There are several potential reasons for the lack of significant treatment effects. First, this small-scale trial had relatively low power because of the use of an active treatment comparison condition and the relatively small sample size. Measures with low frequencies of endorsement—notably psychiatric hospitalizations and ER use—likely suffered from especially low power. In addition, the variable rates of exposure to IMR within the ACT+IMR condition, especially low exposure within one team experiencing high staff turnover, likely contributed to the lack of significant effects. Consistent with at least one IMR study, future ACT+IMR work may benefit from a longer period of evaluation (20), given that participants may have experienced delayed benefits that occurred beyond the study period, and from enhanced implementation strategies to address the need for follow-up IMR training due to staff turnover. Furthermore, it should be noted that most participants continued to receive IMR at the end of the study, suggesting that a longer interval is needed both to evaluate the effects and to effectively deliver IMR to this challenging population.

Our standardized measures may not have been sensitive to the benefits of the ACT+IMR intervention, given that subjective reports from participants and clinicians indicated that participants were making progress toward achieving personal recovery goals across several behavioral domains. Future research should explore idiographic improvements through qualitative research methods, examination of individual goals (43), or statistical methods that accommodate individual changes across a range of outcomes (44). Finally, it is possible that the lack of significant differences reflects the fact that ACT staff were in the relatively early stages of learning IMR and that greater practice using the model would yield stronger treatment effects.
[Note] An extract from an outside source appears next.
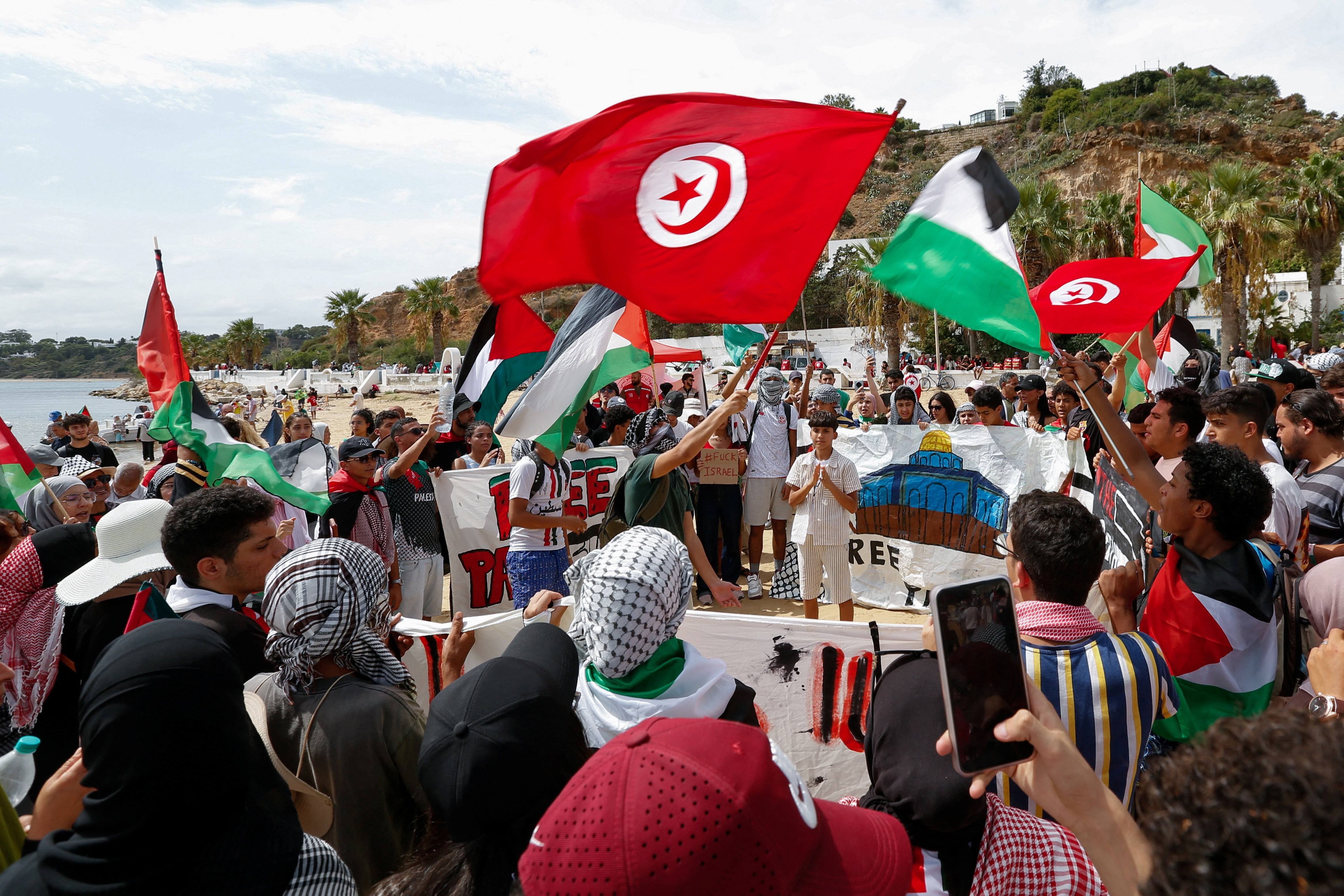 وتجمع الآلاف على شاطئ سيدي بوسعيد وهم يلوحون بالعلم الفلسطيني ويرددون هتافات تنادي بالحرية لغزة وتندد بإسرائيل والولايات المتحدة.

Future work should also explore alternative ways of increasing the effectiveness and cost-effectiveness of recovery-oriented interventions within ACT. A qualitative process evaluation conducted across three small pilot studies, including this study, indicated that implementing ACT+IMR can be a time-intensive and complex process replete with barriers (for example, symptom severity, staff workload, and communication problems); however many of these barriers can be overcome by specific consultation and implementation strategies, such as tailoring IMR consultation to ACT specifically, focusing on client engagement, providing peer support, being flexible with the order and number of IMR modules, and improving team communication and service integration. Future larger-scale research efforts on ACT+IMR should build on this knowledge of barriers and implementation strategies, which may then lead to better, more cost-effective outcomes; a hybrid effectiveness-implementation design would provide the mechanism for such study (45). Future work may also target ways to increase IMR exposure to clients who are likely to receive fewer sessions, including participants with less education, substance use or axis II disorders, and lower baseline psychosocial functioning.
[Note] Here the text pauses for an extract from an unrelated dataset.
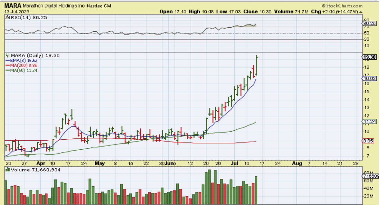MARA – If you look at the 8 ema ( or 9 sma), I mentioned that this is one way that you can play a ‘running correction’.  You allow it to take you out of the trade rather than sell, however a gap down & sharp sell off can take the entire last days gains away before you know it. You still would have great gains though.

A different research direction concerns the duration of IMR. Completing the 11-module IMR curriculum requires about one year of weekly sessions. A more “targeted” approach, delivered individually, that focuses only on IMR topics related to specific goals of each client, could potentially reach more clients in a cost-effective manner. Similarly, other personalized approaches to illness management, especially those that incorporate technology in the delivery of interventions (46–50), also have the potential to be cost-effective strategies for helping people manage their illness and pursue recovery goals.

Conclusions

This study provides support for the feasibility of implementing IMR within ACT teams. Although many results were not statistically significant, this study provides initial evidence of a potential dose-response relationship and some medium (but nonsignificant) effect sizes favoring ACT+IMR. Further, larger-scale efforts using a hybrid effectiveness-implementation design would help to directly test more rigorous consultation and implementation strategies to maximize IMR exposure and the effectiveness of IMR for improving recovery and functioning outcomes for people served by ACT teams.